Data provided >>
=== Section Start ===
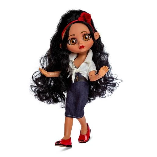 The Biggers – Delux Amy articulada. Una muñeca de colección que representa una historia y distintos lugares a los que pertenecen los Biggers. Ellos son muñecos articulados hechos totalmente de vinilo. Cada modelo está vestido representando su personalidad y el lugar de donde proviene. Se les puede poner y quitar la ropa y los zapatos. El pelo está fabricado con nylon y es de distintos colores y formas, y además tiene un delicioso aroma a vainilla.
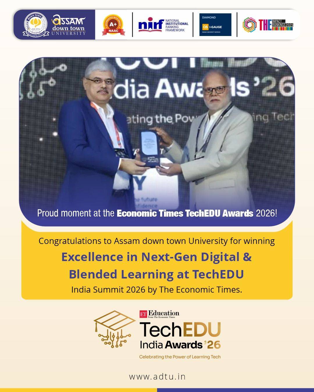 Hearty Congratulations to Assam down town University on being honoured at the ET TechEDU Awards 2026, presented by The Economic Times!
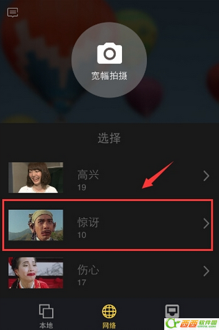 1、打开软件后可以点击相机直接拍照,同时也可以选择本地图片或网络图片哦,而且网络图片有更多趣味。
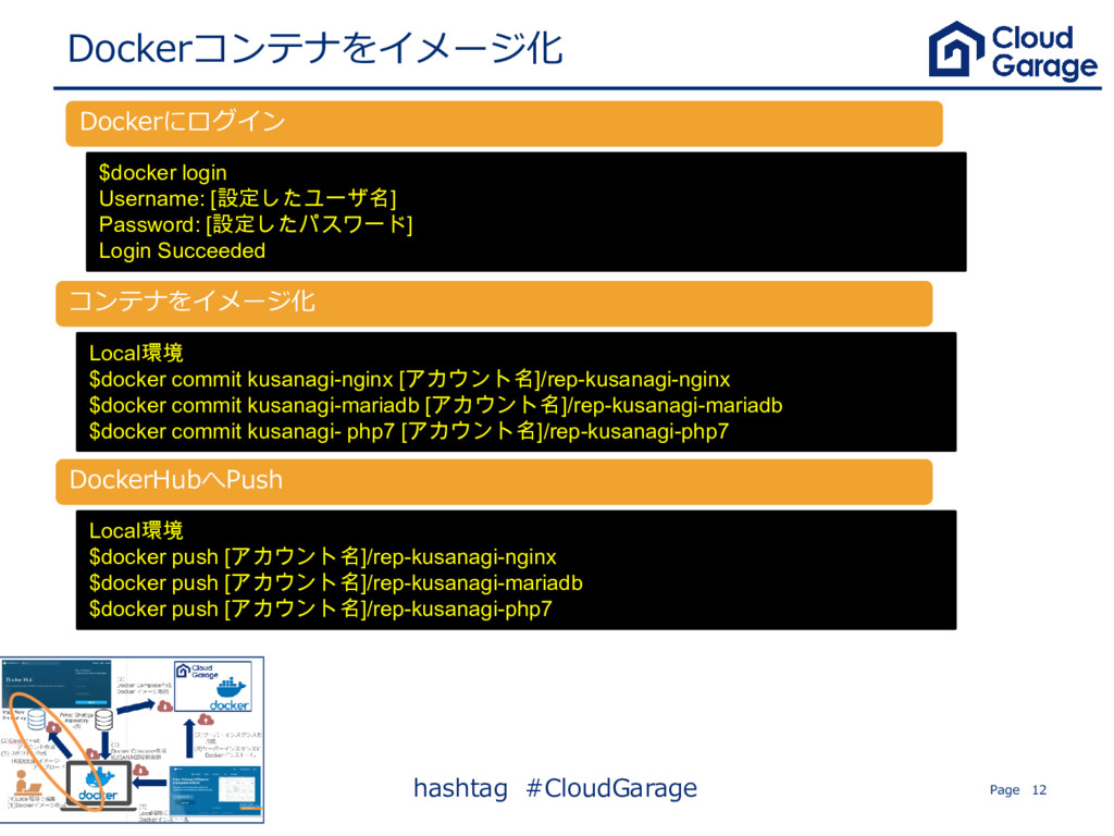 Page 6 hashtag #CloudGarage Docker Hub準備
=== Section End ===
=== Section Start ===
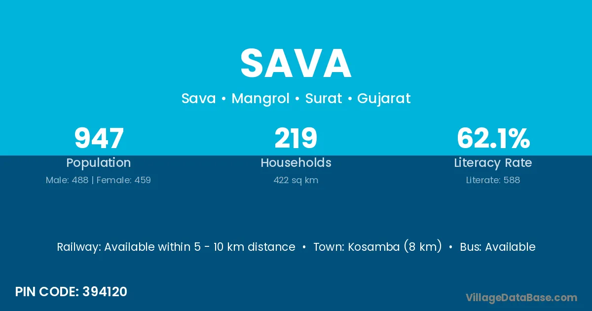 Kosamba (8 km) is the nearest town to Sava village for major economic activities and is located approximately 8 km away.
=== Section End ===
Exercise requirements >> Using the data above, retype exactly and only the lines from the one containing "Hearty Congratulations to" up to and including the one containing "Page 6 hashtag #CloudGarage Docker Hub準備", with no pictures carried over.

Written answer >>
 Hearty Congratulations to Assam down town University on being honoured at the ET TechEDU Awards 2026, presented by The Economic Times!
 1、打开软件后可以点击相机直接拍照,同时也可以选择本地图片或网络图片哦,而且网络图片有更多趣味。
 Page 6 hashtag #CloudGarage Docker Hub準備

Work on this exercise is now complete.